Impact investors are typically seen as part of the supportive ecosystem inclusive businesses require to start, succeed and go to scale. The second Frankfurt Round Table on Social Finance on June 4, 2013, in Frankfurt, made it clear that impact investors themselves need a supportive ecosystem to reduce costs and risks of investments. The round table, organized by the German development bank KfW in collaboration with Ashoka, brought together impact investors, social entrepreneurs, and intermediaries.

Participants agreed strongly that investors require a supportive ecosystem on three main levels:

1) Different types of capital providers need to collaborate along the life cycle of a social enterprise. In early stages, entrepreneurs mostly make use of stipends and grants. When the business is small, concessional and risk tolerant debt funding is often easier to handle than opening up the ownership of the company. Equity investments and the attached shareholder interests need to be timed well to ensure ability to digest and prevent stagnation due to capital starvation. Investors along this life cycle would do well to coordinate better to help graduate investees from one level to the next. Not enough coordination is happening on this level. In addition, few investors have developed sufficiently low cost models of operation and have the risk appetite to invest in untested, early stage ventures.

2) Financial market intermediaries such as specialized rating firms and legal, tax and business consultancies, but also relevant sector conferences, capable business incubators and exposure platforms such as business plan/start-up competitions can reduce transaction costs and risks to investors and support the life cycle approach to funding needs. In addition, social enterprises often need capacity building in the form of training and coaching, and sometimes through recruiting and head hunting, to move from one level of scale and complexity to the next. Here is where investors saw the biggest gap.

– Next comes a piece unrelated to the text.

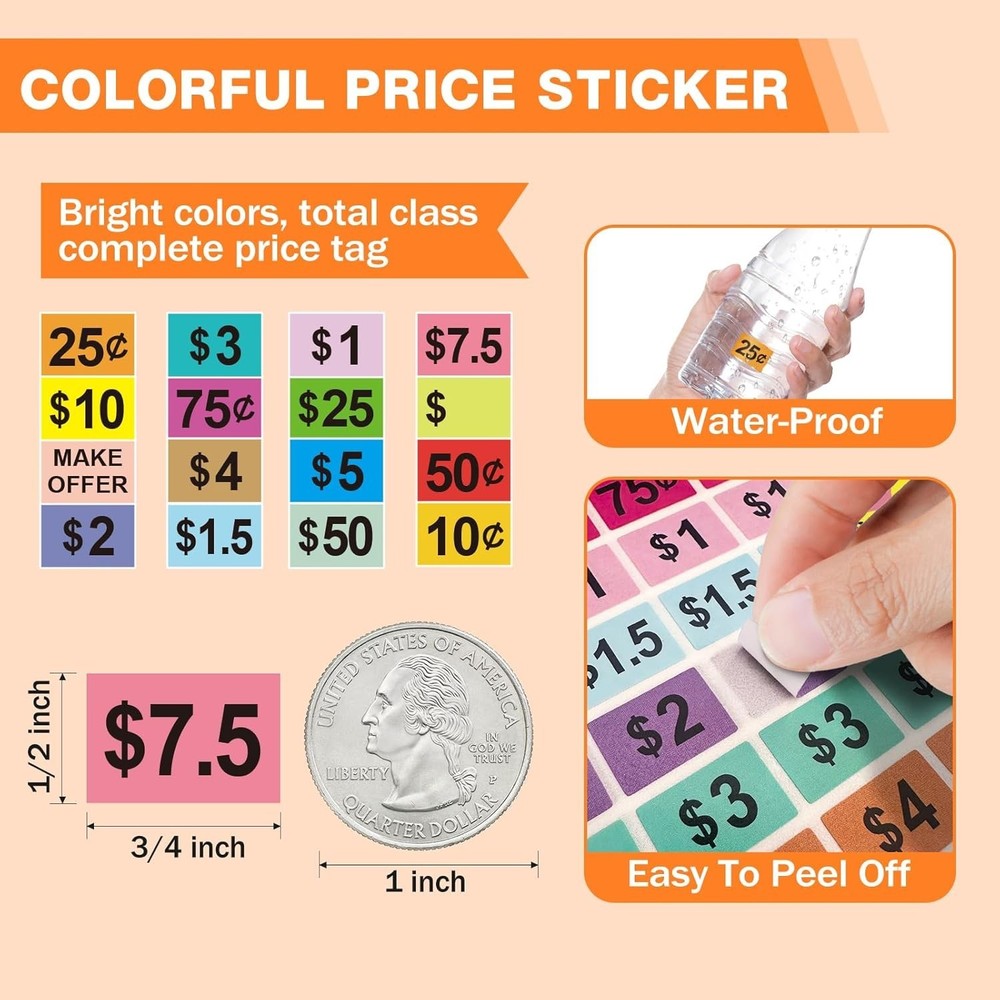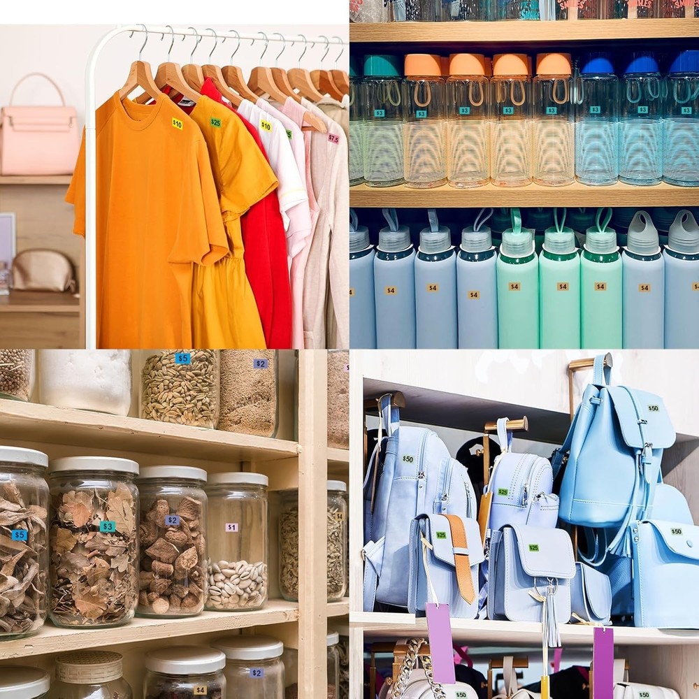 2400Pcs Garage Sale Stickers1/2"×3/4" Yard Sales Price Stickers Rectangle Pre... Product Details: Make pricing quick, clear, and hassle-free with this 2400‑piece set of Garage Sale Stickers. Perfect for yard sales, thrift stores, craft fairs, or any event where items need clear, visible pricing. Each sticker is a compact 1/2" × 3/4" rectangle, providing enough space for prices while keeping items looking tidy and organized. These stickers are designed for easy application and removal, sticking securely to most surfaces but peeling off without leaving sticky residue. Whether you’re selling books, clothes, toys, or household items, these brightly colored stickers make your pricing stand out and speed up transactions. Ideal for garage sales, estate sales, flea markets, school fundraisers, and craft shows, this bulk set ensures you’ll have enough stickers for even the largest sales events. ⭐ Key Features 🟢 Massive 2400‑Piece Pack : Enough stickers to handle multiple garage or yard sales with plenty to spare. 📏 Perfect Size : Each sticker measures 1/2" × 3/4", compact yet large enough for clear price visibility. 🎨 Bright & Noticeable : Eye-catching colors make your prices easy to see at a glance, attracting buyers and speeding up sales. 🖊️ Writable Surface : Compatible with pens, markers, or price label guns for quick customization. 🟠 Easy to Apply & Remove : Sticks firmly to most surfaces but removes cleanly without sticky residue. 🏡 Versatile Use : Perfect for yard sales, garage sales, flea markets, thrift shops, craft fairs, and more. 💰 Time & Cost Saving : Bulk pack reduces the need for constant sticker replacement, saving time and effort during busy sales events.
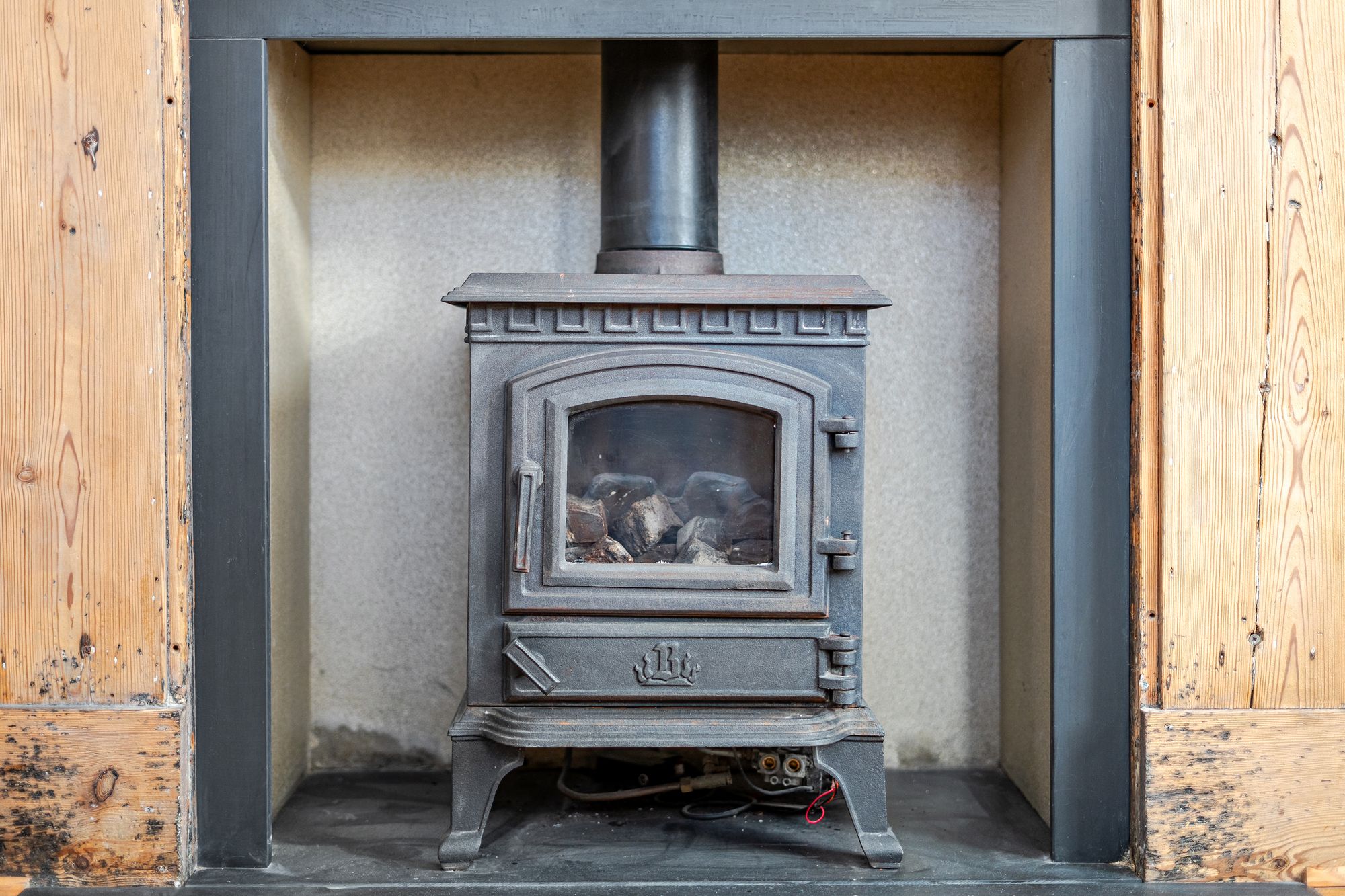 The interior exudes timeless charm, with features that celebrate its history, including sash windows, ornamental fireplaces, vaulted ceilings and exposed finishes. A welcoming hallway with polished wooden floors leads to the principal reception spaces, comprising a cosy lounge centred around a feature fireplace with a multi-fuel stove, and a versatile study with dual-aspect windows and a charming gas-fired wood-burning stove.

3) The general business environment, including market linkages, infrastructure, the regulatory environment, and, in general, functional value chains is the level of ecosystem that allow social entrepreneurs to grow. Impact investors take these factors into account for their risk analysis, thus reinforcing the trend that investments have a tendency to cluster in few geographies and sectors.

In India, where much of the inclusive business buzz happens, a comparatively dense ecosystem of impact investors and intermediaries has evolved. A comparative KfW study confirmed that the impact investment landscape and ecosystem remains underdeveloped in most other markets in South- and South-East Asia. Nevertheless, while it is certainly too early to speak of impact investments an own asset class in these countries, individual investment opportunities do exist and wait to be exploited in the large and largely untapped frontier markets such as Pakistan, Bangladesh or Indonesia.


This blog was authored by Christina Tewes-Gradl and Jan Stilke (Project Manager, KfW), and originally posted on Business Fights Poverty.